That certainly helps, yes, and I think many nodes do something akin to this already, but I'm not sure we can say that the problem has been fixed if the victim has to spend way more than the prevailing mempool fees (and potentially burn a large % of their HTLC value) :).

Matt

On 10/19/23 12:23 PM, Matt Morehouse wrote:
On Wed, Oct 18, 2023 at 12:34 AM Matt Corallo via bitcoin-dev
<bitcoin-...@lists.linuxfoundation.org> wrote:

There appears to be some confusion about this issue and the mitigations. To be 
clear, the deployed
mitigations are not expected to fix this issue, its arguable if they provide 
anything more than a PR
statement.

There are two discussed mitigations here - mempool scanning and transaction 
re-signing/re-broadcasting.

Mempool scanning relies on regularly checking the mempool of a local node to 
see if we can catch the
replacement cycle mid-cycle. It only works if wee see the first transaction 
before the second
transaction replaces it.

Today, a large majority of lightning nodes run on machines with a Bitcoin node 
on the same IP
address, making it very clear what the "local node" of the lightning node is. 
An attacker can
trivially use this information to connect to said local node and do the 
replacement quickly,
preventing the victim from seeing the replacement.

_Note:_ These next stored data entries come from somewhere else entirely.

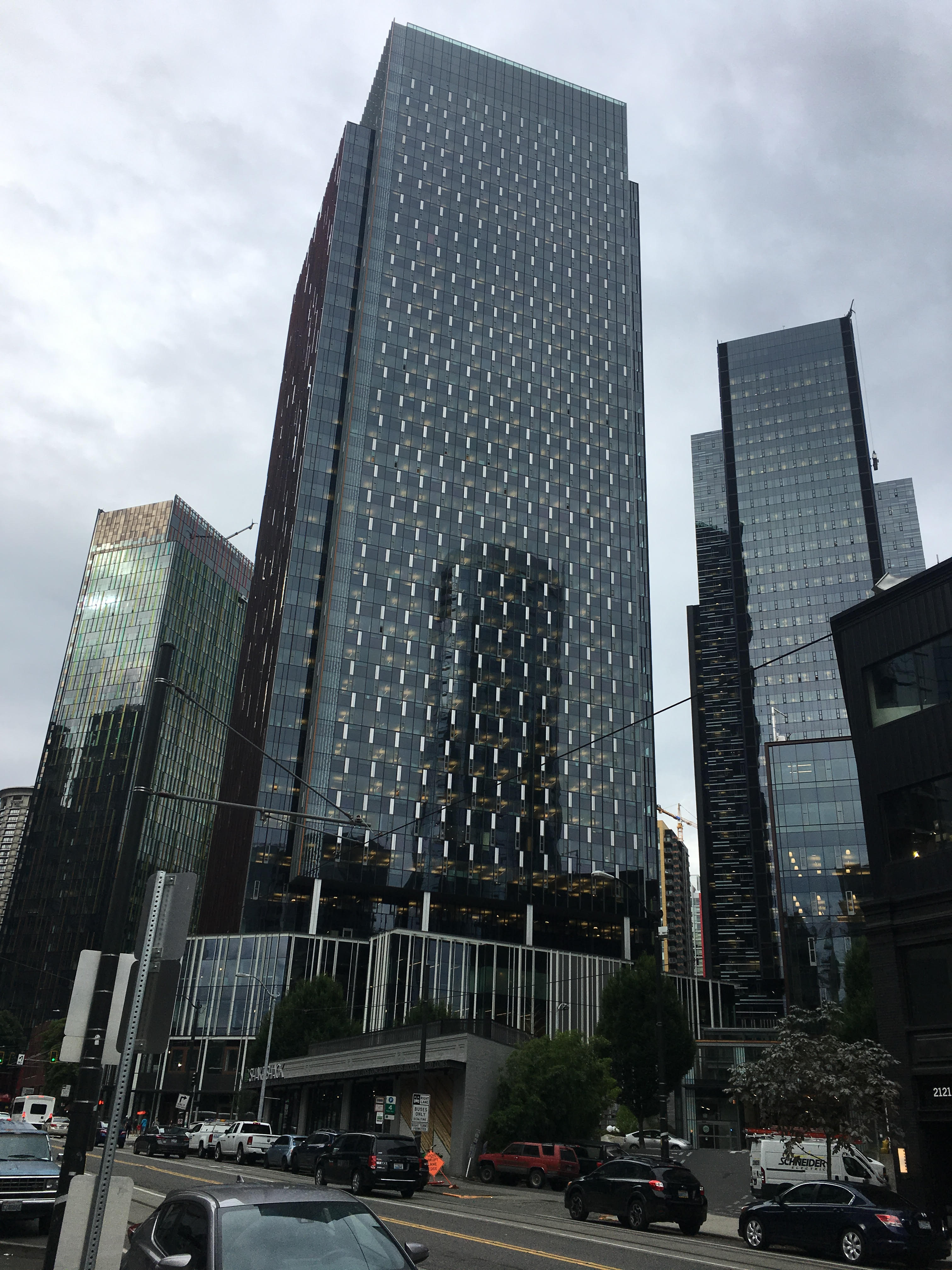 From left to right Doppler, re:Invent, and Day 1 buildings.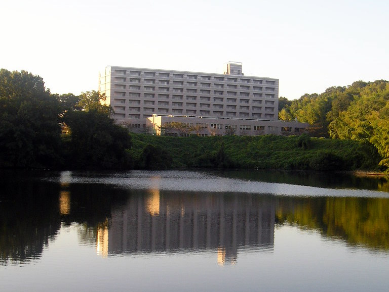 I was selected to attend a 6-week course on project development for human security in Japan last year. I was with 2 other Filipinos from national government agencies. Three Laos and 3 Burmese were also participants in the course. I am the only one coming from an NGO. Our first 2 days were spent in Osaka where we stayed in this spanking JICA center where we were briefed. Olympus Camedia (October-December 2006, JICA-UNCRD Human Security Course). Slightly improved with Picasa.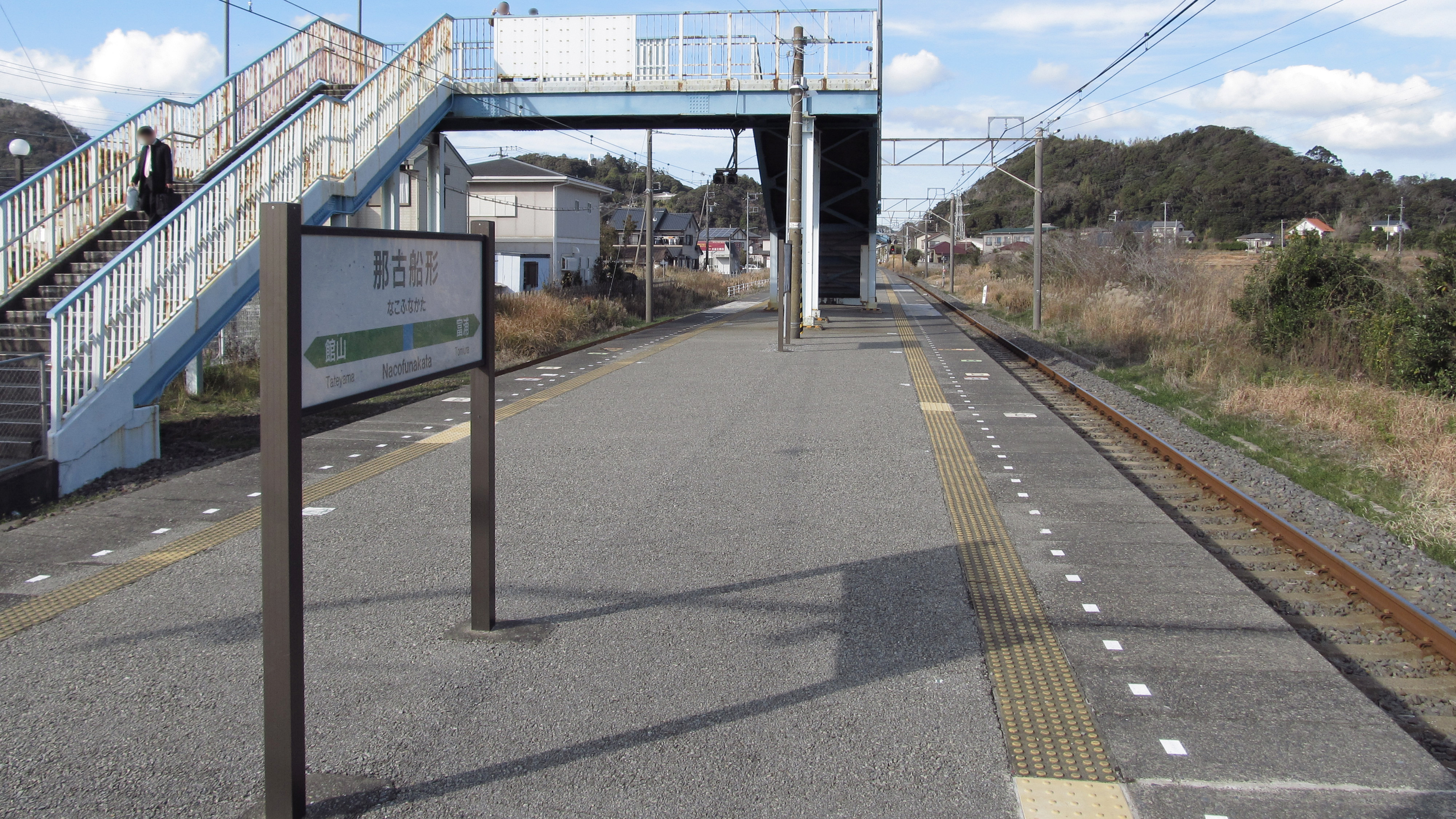 The platform at Nakofunakata Station on the Uchibō Line in Tateyama city, Chiba prefecture, Japan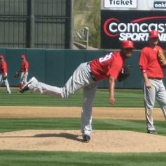 Rafael Rodriguez delivers warm up pitches for the Los Angeles Angels of Anaheim during 2010 spring training in Arizona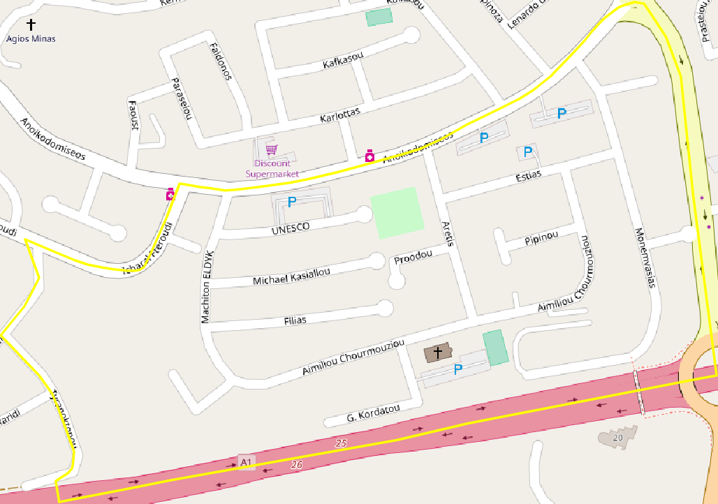 Map of Αpostle Lyke (Agios Athanasios).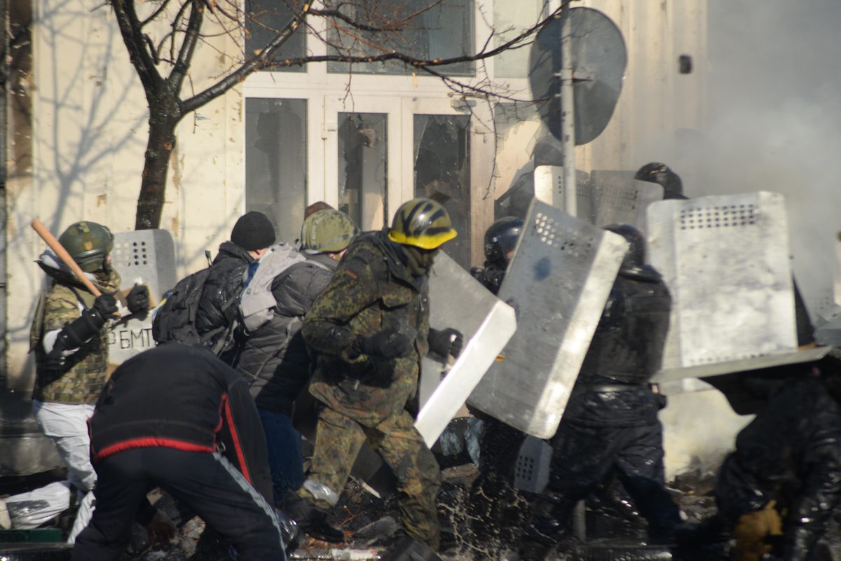 Clashes between radically oriented protesters and internal troops. Ukraine, Kyiv. Events of February 18, 2014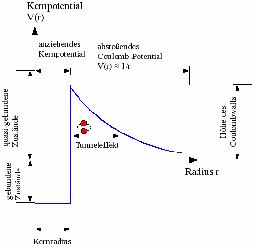 The coulomb barrier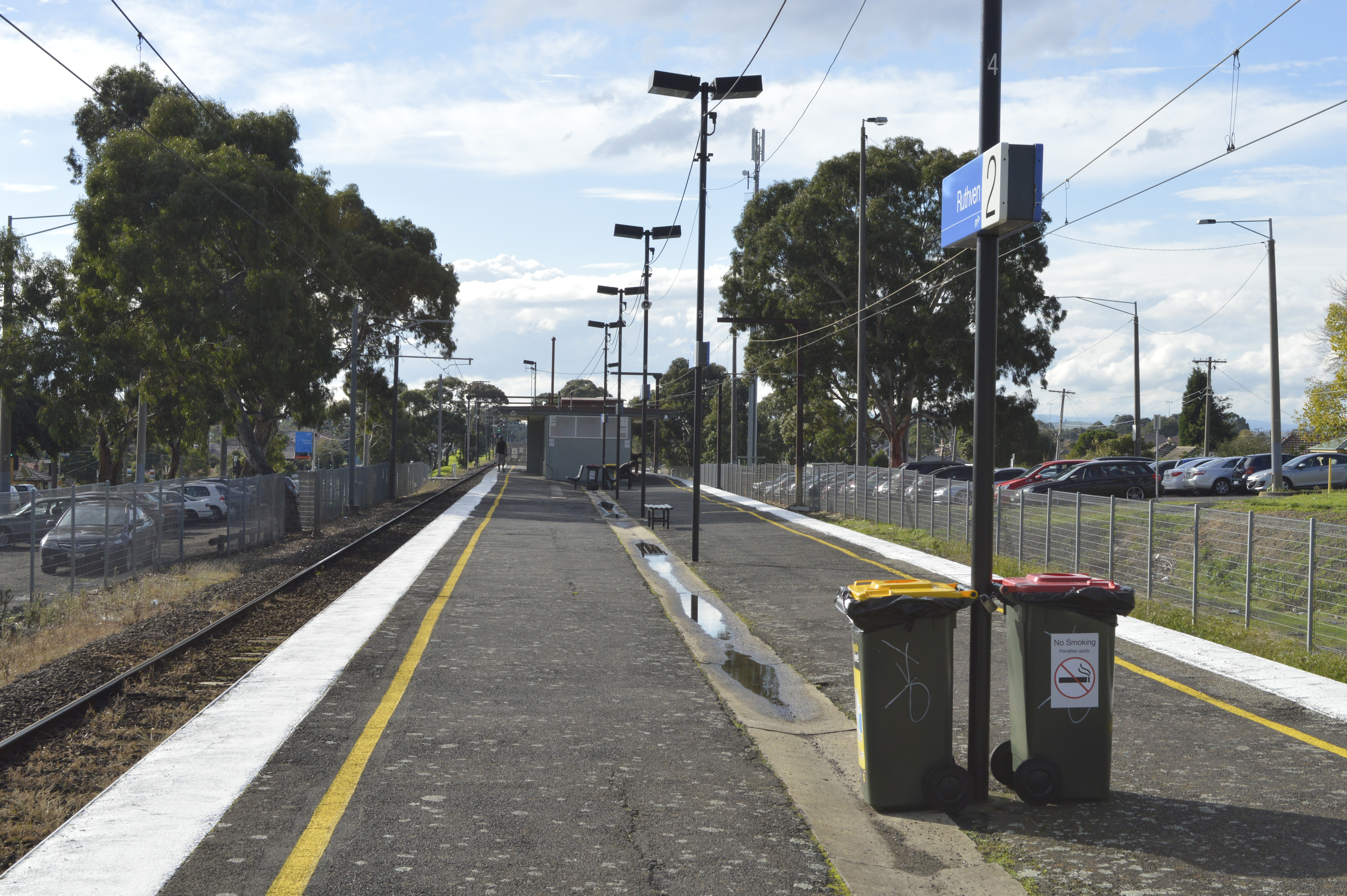 Looking towards South Morang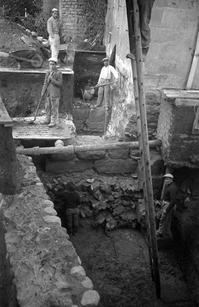 Excavation 1961, Northgate Arbon castle (CH).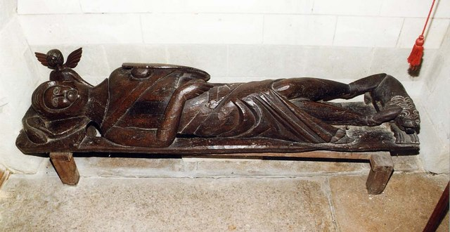 St Olave, Gatcombe - Monument Effigy of C14 knight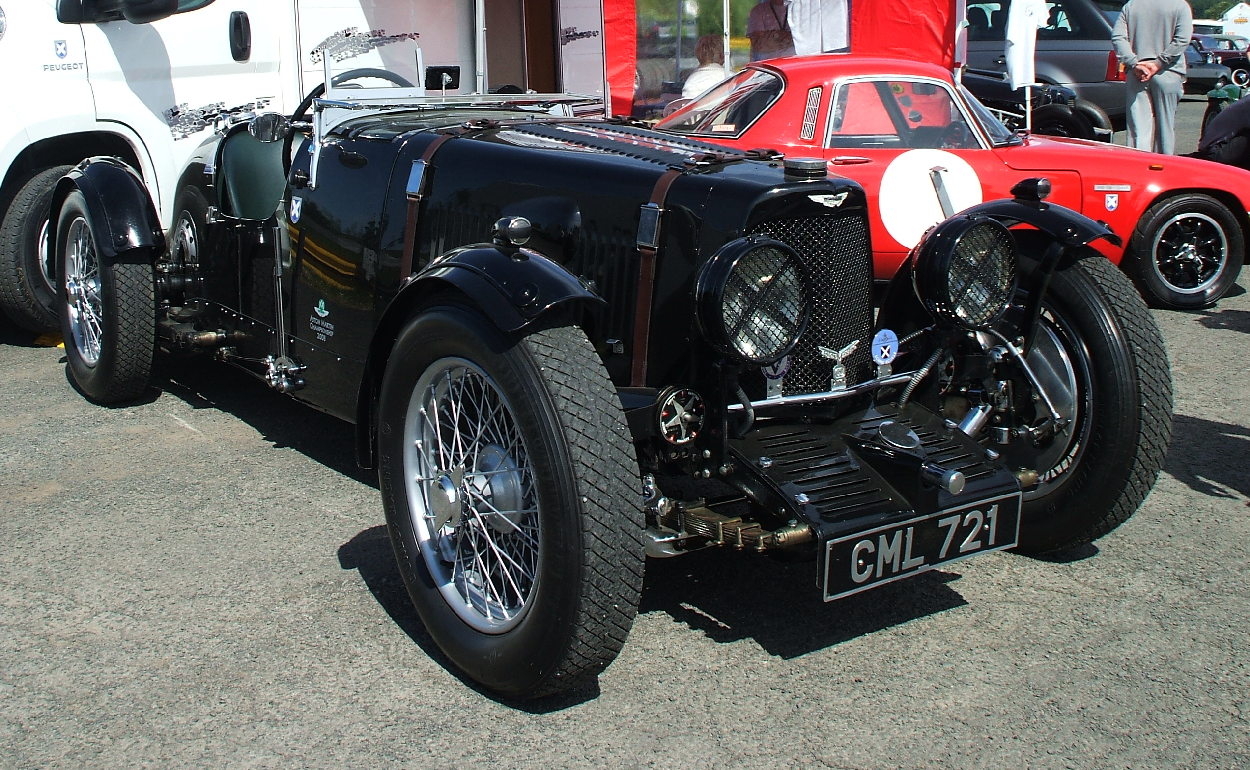 Aston Martin Ulster CML 721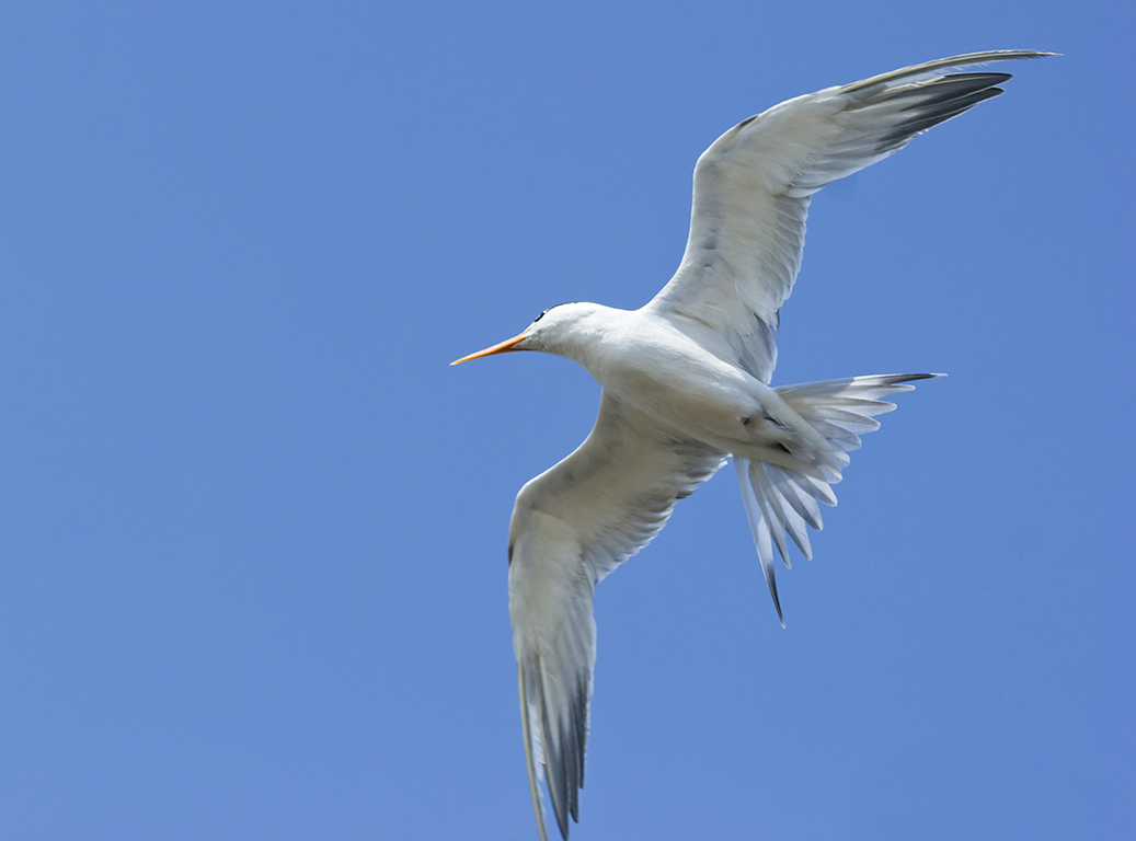 Pelagic bird

More generally, however, similar discoverability is true for mining pools. An 
attacker performing
this attack is likely to do the replacement attack on a miner's node directly, 
potentially reducing
the reach of the intermediate transaction to only miners, such that the victim 
can never discover it
at all.

The second mitigation is similarly pathetic. Re-signing and re-broadcasting the 
victim's transaction
in an attempt to get it to miners even if its been removed may work, if the 
attacker is super lazy
and didn't finish writing their attack system. If the attacker is connected to 
a large majority of
hashrate (which has historically been fairly doable), they can simply do their 
replacement in a
cycle aggressively and arbitrarily reduce the probability that the victim's 
transaction gets confirmed.

What if the honest node aggressively fee-bumps and retransmits the
HTLC-timeout as the CLTV delta deadline approaches, as suggested by
Ziggie?  Say, within 10 blocks of the deadline, the honest node starts
increasing the fee by 1/10th the HTLC value for each non-confirmation.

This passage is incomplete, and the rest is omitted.